Good luck is right.  I tried it once.  It comes out okay but different consistency.  The pasta shell seems more firm and chewy.  Just my take.  You may love it.


----------



## larry_stewart (Jul 20, 2008)

I saw a martha stewart episode with guest Alan Alda.  He was showing her some of his favorite recipes when he travelled to Italy.  He mixed uncooked ziti with about 3/4 cup of olive oil.  Let it sit for about 45 minutes. Then mix with crushed tomatoes, salt , pepper and bake about ( i dont remember ) Then add parmesan cheese.

I was skeptical, but tried it. It was actually pretty good ( and easy)

But as mentioned above, the consistency was different.  A little chewier/ rubberier ( if thats a word).  But definitely a different take on baked ziti .

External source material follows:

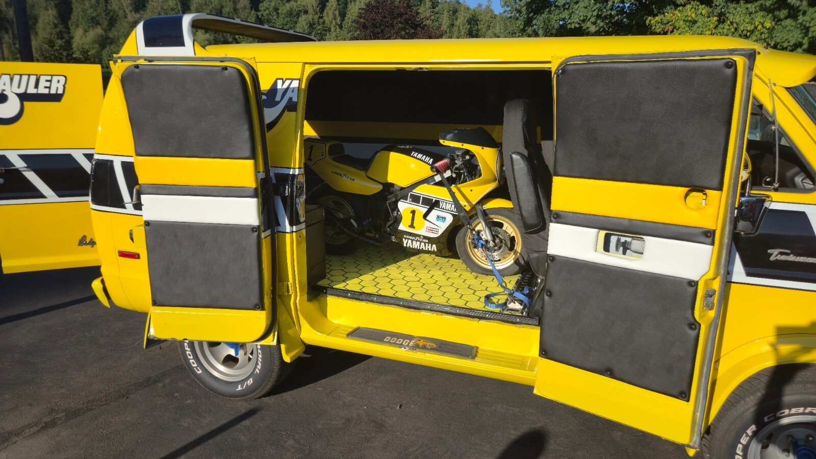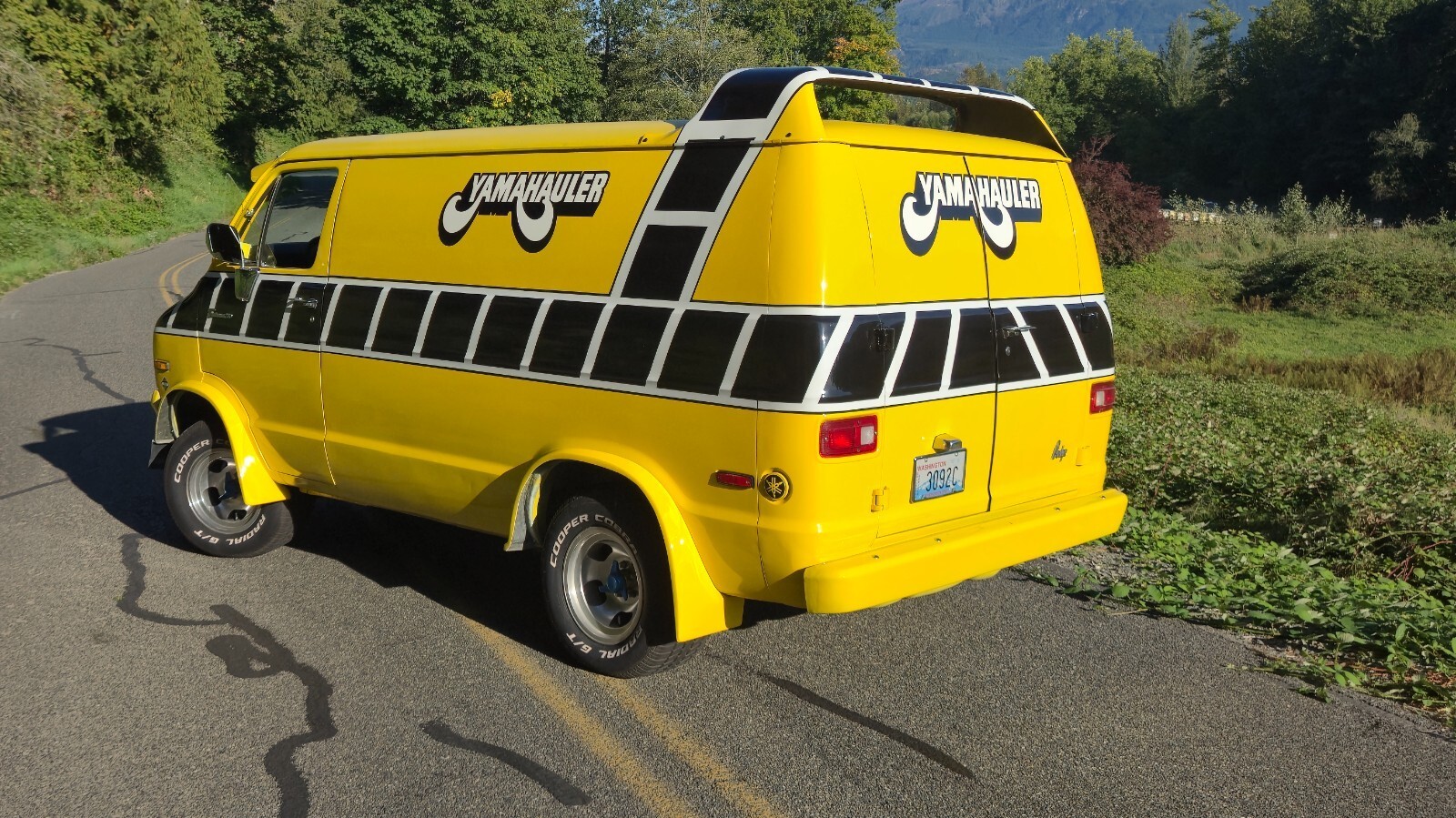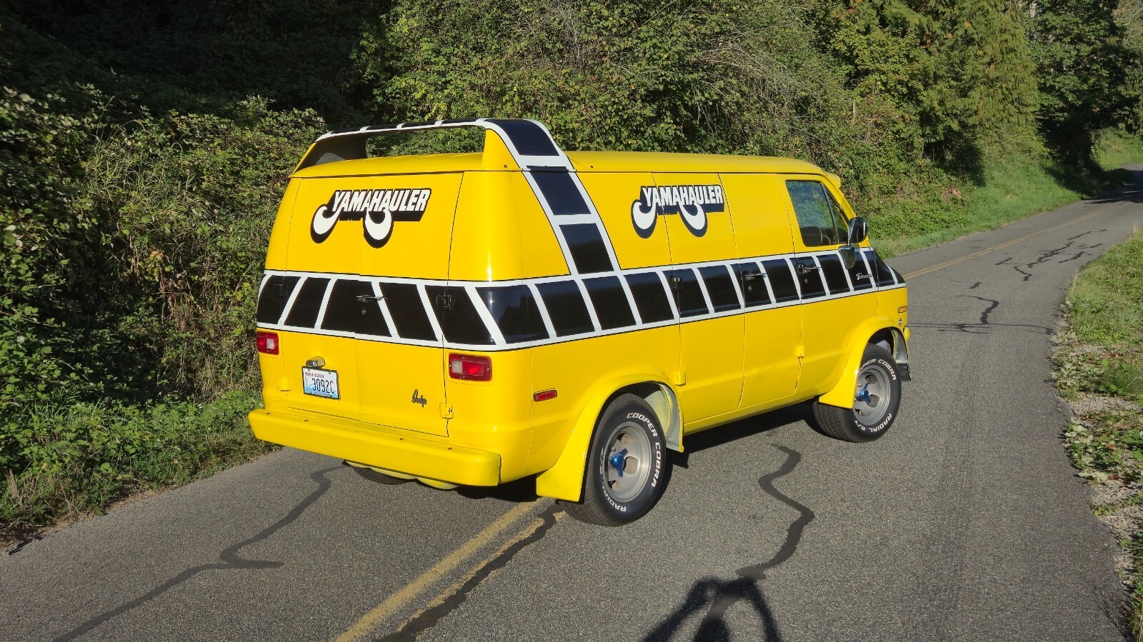 1977 Dodge Tradesman 200 van. Yamahualer paint scheme that brings back memories of the original Yamahauler that was a give-away from Hot Rod Magazine in the early 70's. This van has tons of new parts including but not limited to:New crate 318 cid, with Edelbrock 600cfm carb and dual plane intake, distributor (cap/rotor/wires/plugs), water pump (hoses/belts/thermostat), electric fan, Hedman headers with full exhaust, Fuel pump, complete wiring harness(lights and radio not hooked up), custom cerekoted YAMAHAULER aluminum valve covers and air cleaner, 727 automatic transmission Cooper Cobra G/T tires, custom interior with under bench storage, new driveshaft and u joints, E-tracks for securing motorcycles, coolers, or whatever you like. Motorcycle is NOT included with sale. Only presented as display.This van was recently driven to the VANHAVEN van show in Seattle (about 150 miles) with no issues. Good oil pressure, good temp. charging just fine. Brakes work well, no alignment issues.Complete custom repaint last summer, custom Yamahauler decals, and Yamaha symbol on roof.This van is very solid with very little, if any, rust. Doors are all solid, frame and underneath are clean. All body flares, front and rear spoilers are new with no cracks or damage. Light yellow tint on front door windows.Enjoy a blast from the past and be the envy of everyone you meet! This van is an attention getter! From motorcycle fans, to groovy people everywhere, this a great conversation piece and will bring smiles wherever you go!We have tried to describe this as clearly as possible. Please see pics for best explanation. And as this is a 50 year old vehicle we make to guarantees or warranties expressed or implied and this is an AS IS, WHERE IS SALE.We accept bank wire transfer only. However, the $500 non refundable deposit may be done thru ebay. The remaining amount must be received within 7 days of end of auction. We will work with your transport company for pick up.Feel free to ask questions.

Never tried it with shells.  I know there are some lasagna recipes that do it that way.


----------



## Andy M. (Jul 20, 2008)

Is cooking the pasta that big of a deal that you have to settle for chewy and rubbery shells?


----------



## larry_stewart (Jul 20, 2008)

Honestly, I kinda liked the rubbery feel in that Alan Alda ziti dish.  Im not saying I would shoot for that every time, but as a variation, i kinda liked it, and I make once or twice a year.


----------



## kitchenelf (Jul 20, 2008)

I think unless your shells are totally immersed in sauce with enough liquid for them to absorb I don't see it working.


----------



## MostlyWater (Jul 21, 2008)

it's for dinner tonite, and so far so good except for the fact that i couldn't get all the mixture into each shell.


----------



## Andy M. (Jul 21, 2008)

MostlyWater said:


> ...i couldn't get all the mixture into each shell.


 

Another drawback of using uncooked shells...


----------



## quicksilver (Jul 21, 2008)

So, at 9:28pm EDT, what is the verdict?​


----------



## kitchenelf (Jul 21, 2008)

quicksilver said:


> So, at 9:28pm EDT, what is the verdict?​



They're still cooking 

I'm curious too - how did they turn out???


----------



## TATTRAT (Jul 21, 2008)

Andy M. said:


> Is cooking the pasta that big of a deal that you have to settle for chewy and rubbery shells?





kitchenelf said:


> I think unless your shells are totally immersed in sauce with enough liquid for them to absorb I don't see it working.





Andy M. said:


> Another drawback of using uncooked shells...





kitchenelf said:


> They're still cooking
> 
> I'm curious too - how did they turn out???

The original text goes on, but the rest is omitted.